Dan and I lived in a perpetually dusty warehouse studio, with nearly no light with shadows cast over most of the room. We lived in Limehouse in east London, it was one street away from the Thames and had an attitude and character that only someone who lived in Limehouse could feel; it was
one of those pockets where you could drive right through and comment on the shittiness. It had fried chicken shops, a CostCutter and a DLR station. But it also had a community center that sold books with a bartering system, free movies on Friday nights, and carefully selected cheap snacks. It had a community of youth and many squats scattered around the streets, it had a basin that was cut off from the Thames and drew all the young people out of their studios to swim topless and free in summer, it also had one of the last artist studio communities of its kind in London. And we lived at the very top of it.
Furniture was sparse and odd and collected from around other studios in the warehouse. We used pots and plates from the people who had moved out of the building and left the remnants of their stay downstairs for people to use. We had the top loft, with exposed metal beams and uncovered insulation, the only two working fireplaces left in the building and a mezzanine plank of wood to call our bed. We would climb up to the roof outside the windows and the sun was free and wide, not cut short in an afternoon by a taller building, never cast in shadow, the rain fell without obstruction, and the wind could sweep without barriers. It was flat and sun soaked in the summer; people’s legs perched outside their own windows and a couple of failed attempts at vegetable gardens. We would sit up there, quiet and reading in the sun, building a silent friendship with the contemporary penthouse inhabitants opposite, learning their bulldogs’ names and waving at their guests when they had a party; loving the aggressive contrast between the two pictures: the one they saw and the one we saw.
Cable Street was home to hundreds of people who you barely saw. Walking the hallways there would be muffled base leaking out of rooms or doors left open to invite a non existent breeze and each studio was different, dark and gothic, light and homely, some filled with a jungle of plants, others with a pro level of bohemian, over 200 makeshift studios, a fetish club, a live music bar and a mosque all in the one massive warehouse.
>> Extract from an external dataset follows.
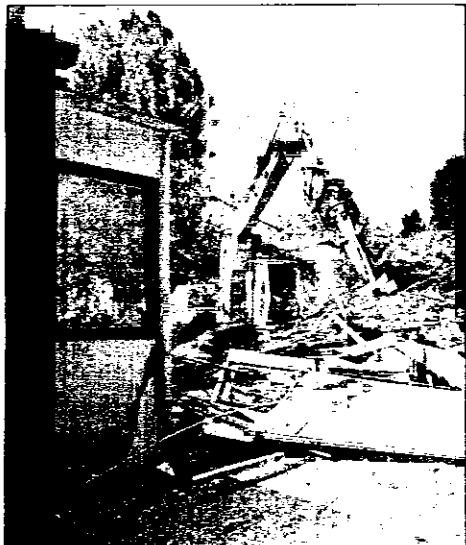
La demolizione della vecchia scuola media di Voltana

Voltana, la frazione di Lugo con il maggior numero di abitanti (circa tremila), entro un paio d'anni avrà un polo scolastico completamente rinnovato. Da alcune settimane, infatti, hanno preso il via i lavori che porteranno alla realizzazione di una struttura in grado di ospitare scuola materna, elementare e media in un unico edificio, una nuova palestra e un'ampia area verde pubblica formata dal già esistente parco "Saturno Montanari" e dal residuo della scuola media, demolita alcune settimane fa. E la posa della prima pietra della scuola è in programma sabato 18 ottobre, alle 10.30. L'elaborazione dei progetti del polo scolastico non è stata priva di ostacoli. Infatti, la bozza illustrata un anno e mezzo fa ha dovuto subire non poche modifiche a causa del non completo consenso da parte della cittadinanza. Dopo mesi di riunioni e verifiche i lavori sono ora fi-

We spent the whole of winter on our couch, precariously close to the little coal fire. The studio was too big, and half of it lay empty, we moved the furniture around weekly enjoying the freshness it brought to the old room. We had no water and no bathroom, and we relied on the rain to wash away the piss from the guttering when we became too cold and too lazy to walk the two flights of stairs to the shared toilet. It was so cold inside during winter that our olive oil froze solid for 3 months. We came home from work wet and freezing, stripped off our layers of damp clothing quickly and put all the dry clothes we owned on and lay in bed giggling and kissing keeping each other warm till morning. We slept on a piece of carpet on our mezzanine piece of wood and it was comfortable. We slept in unwashed sheets and became the same level of filth as The warehouse itself and only when we ventured to a well-lit and cared for space would we be conscious of the dirt on our clothes and faces.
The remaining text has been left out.